> WHAT THE TASK ASKS:
Records follow. Print exactly the lines from the one that has "где δ - размер, или" through the one that has "牌組構築方案 以此牌組為基礎新構築牌組 顯示卡面", inclusive, and omit the pictures.
====== AVAILABLE DATA
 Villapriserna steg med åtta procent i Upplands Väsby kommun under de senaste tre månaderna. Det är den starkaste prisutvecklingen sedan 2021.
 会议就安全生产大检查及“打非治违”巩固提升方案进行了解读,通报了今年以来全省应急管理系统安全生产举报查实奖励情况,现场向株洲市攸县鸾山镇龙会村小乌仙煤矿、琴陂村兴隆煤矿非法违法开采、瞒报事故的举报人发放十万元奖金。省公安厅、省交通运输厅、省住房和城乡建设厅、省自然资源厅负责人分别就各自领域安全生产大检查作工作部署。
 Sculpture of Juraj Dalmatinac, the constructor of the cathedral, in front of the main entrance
============
====== AVAILABLE DATA
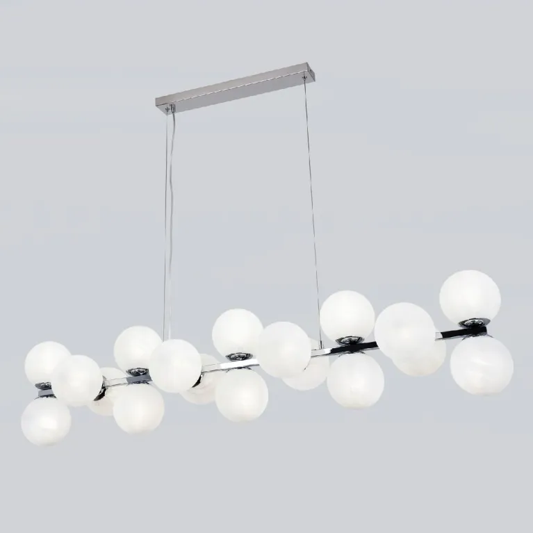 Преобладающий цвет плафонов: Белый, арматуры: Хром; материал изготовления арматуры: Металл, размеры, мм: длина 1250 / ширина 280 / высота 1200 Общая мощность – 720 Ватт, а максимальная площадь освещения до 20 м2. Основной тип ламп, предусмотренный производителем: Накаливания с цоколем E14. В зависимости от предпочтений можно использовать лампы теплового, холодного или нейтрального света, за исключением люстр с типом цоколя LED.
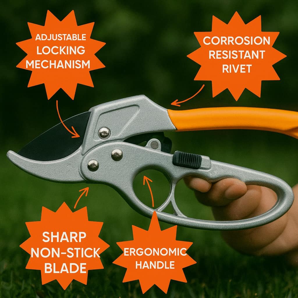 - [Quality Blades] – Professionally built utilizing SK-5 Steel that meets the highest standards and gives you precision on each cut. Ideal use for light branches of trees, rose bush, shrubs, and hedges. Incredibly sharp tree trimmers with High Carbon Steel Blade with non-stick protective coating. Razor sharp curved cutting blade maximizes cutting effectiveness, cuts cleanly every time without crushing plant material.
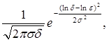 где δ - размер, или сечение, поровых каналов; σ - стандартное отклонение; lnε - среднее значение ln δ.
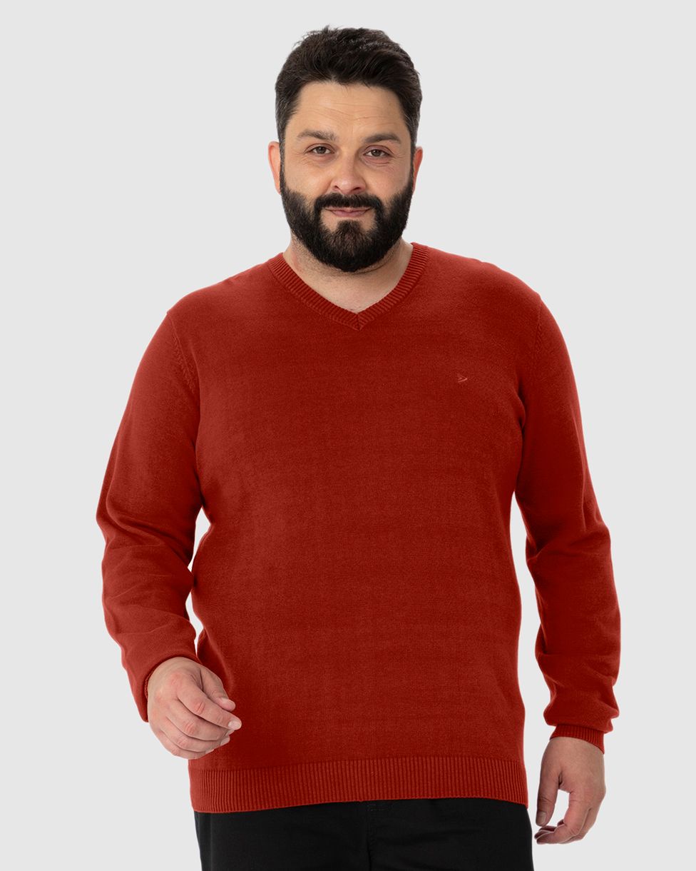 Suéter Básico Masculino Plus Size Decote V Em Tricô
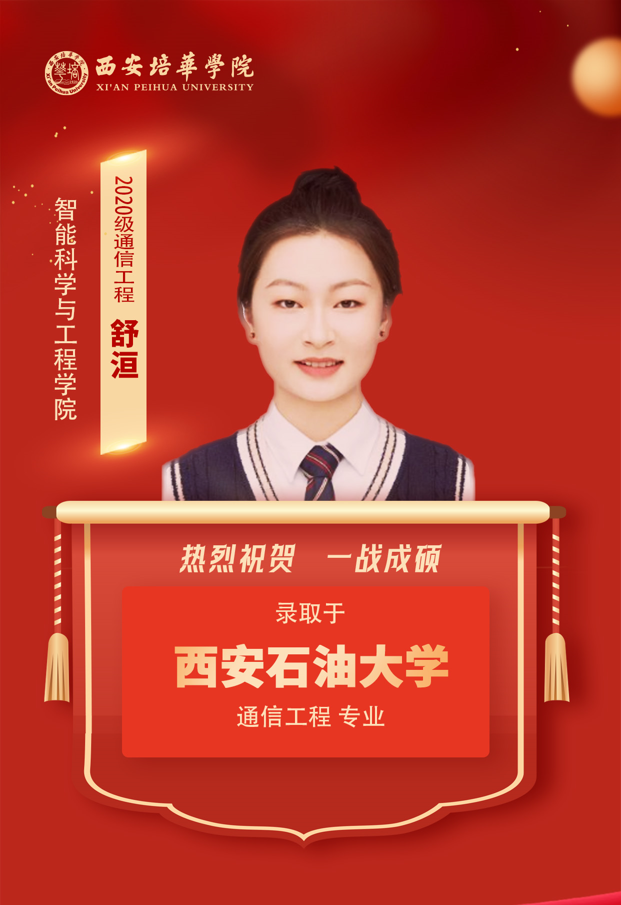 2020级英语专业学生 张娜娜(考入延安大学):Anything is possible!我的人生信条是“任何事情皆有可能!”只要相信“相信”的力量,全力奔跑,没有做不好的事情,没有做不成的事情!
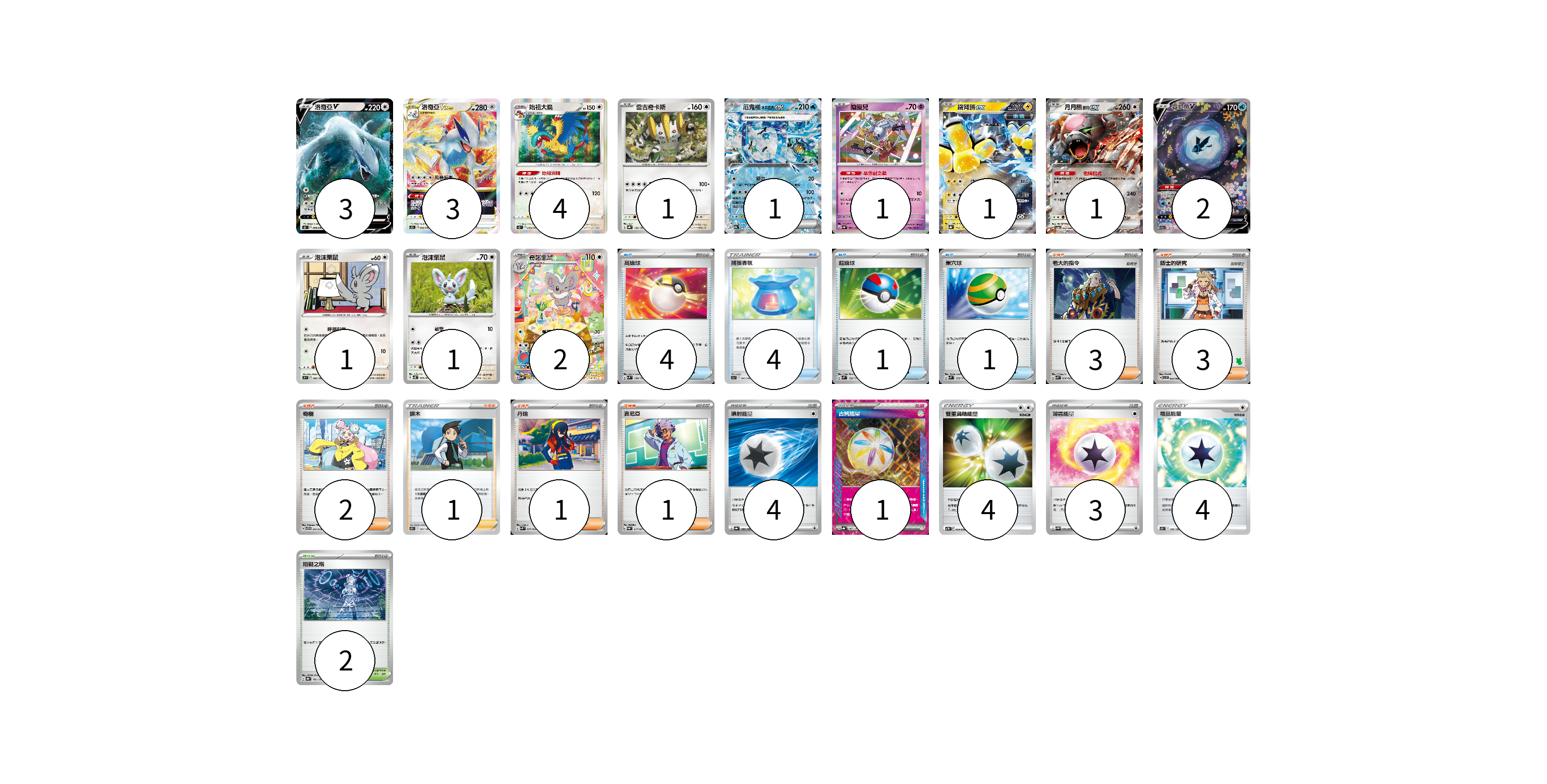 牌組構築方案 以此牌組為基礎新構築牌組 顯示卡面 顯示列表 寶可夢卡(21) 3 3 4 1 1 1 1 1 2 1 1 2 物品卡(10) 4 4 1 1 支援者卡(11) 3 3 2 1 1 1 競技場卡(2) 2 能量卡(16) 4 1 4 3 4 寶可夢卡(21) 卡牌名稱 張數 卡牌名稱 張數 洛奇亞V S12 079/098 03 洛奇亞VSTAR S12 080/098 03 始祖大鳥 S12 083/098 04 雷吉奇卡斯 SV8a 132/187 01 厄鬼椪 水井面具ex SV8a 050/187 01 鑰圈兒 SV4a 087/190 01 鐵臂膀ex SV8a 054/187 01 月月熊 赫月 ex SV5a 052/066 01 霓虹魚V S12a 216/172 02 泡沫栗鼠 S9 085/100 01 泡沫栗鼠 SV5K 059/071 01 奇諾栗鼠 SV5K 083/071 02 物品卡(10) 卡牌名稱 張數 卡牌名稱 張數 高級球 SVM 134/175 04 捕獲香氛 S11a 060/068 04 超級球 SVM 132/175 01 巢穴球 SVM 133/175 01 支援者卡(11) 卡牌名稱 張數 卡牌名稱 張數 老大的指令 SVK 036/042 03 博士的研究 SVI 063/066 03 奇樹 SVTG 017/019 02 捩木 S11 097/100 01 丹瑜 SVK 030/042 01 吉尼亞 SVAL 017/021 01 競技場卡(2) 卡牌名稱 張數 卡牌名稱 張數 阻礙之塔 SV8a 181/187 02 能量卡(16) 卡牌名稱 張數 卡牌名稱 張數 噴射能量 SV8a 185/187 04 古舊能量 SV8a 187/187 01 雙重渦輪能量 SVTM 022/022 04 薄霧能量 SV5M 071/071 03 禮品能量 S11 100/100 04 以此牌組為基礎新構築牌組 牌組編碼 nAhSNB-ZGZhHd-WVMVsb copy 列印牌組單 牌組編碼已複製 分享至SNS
============
> TASK RESULT:
 где δ - размер, или сечение, поровых каналов; σ - стандартное отклонение; lnε - среднее значение ln δ.
 Suéter Básico Masculino Plus Size Decote V Em Tricô
 2020级英语专业学生 张娜娜(考入延安大学):Anything is possible!我的人生信条是“任何事情皆有可能!”只要相信“相信”的力量,全力奔跑,没有做不好的事情,没有做不成的事情!
 牌組構築方案 以此牌組為基礎新構築牌組 顯示卡面 顯示列表 寶可夢卡(21) 3 3 4 1 1 1 1 1 2 1 1 2 物品卡(10) 4 4 1 1 支援者卡(11) 3 3 2 1 1 1 競技場卡(2) 2 能量卡(16) 4 1 4 3 4 寶可夢卡(21) 卡牌名稱 張數 卡牌名稱 張數 洛奇亞V S12 079/098 03 洛奇亞VSTAR S12 080/098 03 始祖大鳥 S12 083/098 04 雷吉奇卡斯 SV8a 132/187 01 厄鬼椪 水井面具ex SV8a 050/187 01 鑰圈兒 SV4a 087/190 01 鐵臂膀ex SV8a 054/187 01 月月熊 赫月 ex SV5a 052/066 01 霓虹魚V S12a 216/172 02 泡沫栗鼠 S9 085/100 01 泡沫栗鼠 SV5K 059/071 01 奇諾栗鼠 SV5K 083/071 02 物品卡(10) 卡牌名稱 張數 卡牌名稱 張數 高級球 SVM 134/175 04 捕獲香氛 S11a 060/068 04 超級球 SVM 132/175 01 巢穴球 SVM 133/175 01 支援者卡(11) 卡牌名稱 張數 卡牌名稱 張數 老大的指令 SVK 036/042 03 博士的研究 SVI 063/066 03 奇樹 SVTG 017/019 02 捩木 S11 097/100 01 丹瑜 SVK 030/042 01 吉尼亞 SVAL 017/021 01 競技場卡(2) 卡牌名稱 張數 卡牌名稱 張數 阻礙之塔 SV8a 181/187 02 能量卡(16) 卡牌名稱 張數 卡牌名稱 張數 噴射能量 SV8a 185/187 04 古舊能量 SV8a 187/187 01 雙重渦輪能量 SVTM 022/022 04 薄霧能量 SV5M 071/071 03 禮品能量 S11 100/100 04 以此牌組為基礎新構築牌組 牌組編碼 nAhSNB-ZGZhHd-WVMVsb copy 列印牌組單 牌組編碼已複製 分享至SNS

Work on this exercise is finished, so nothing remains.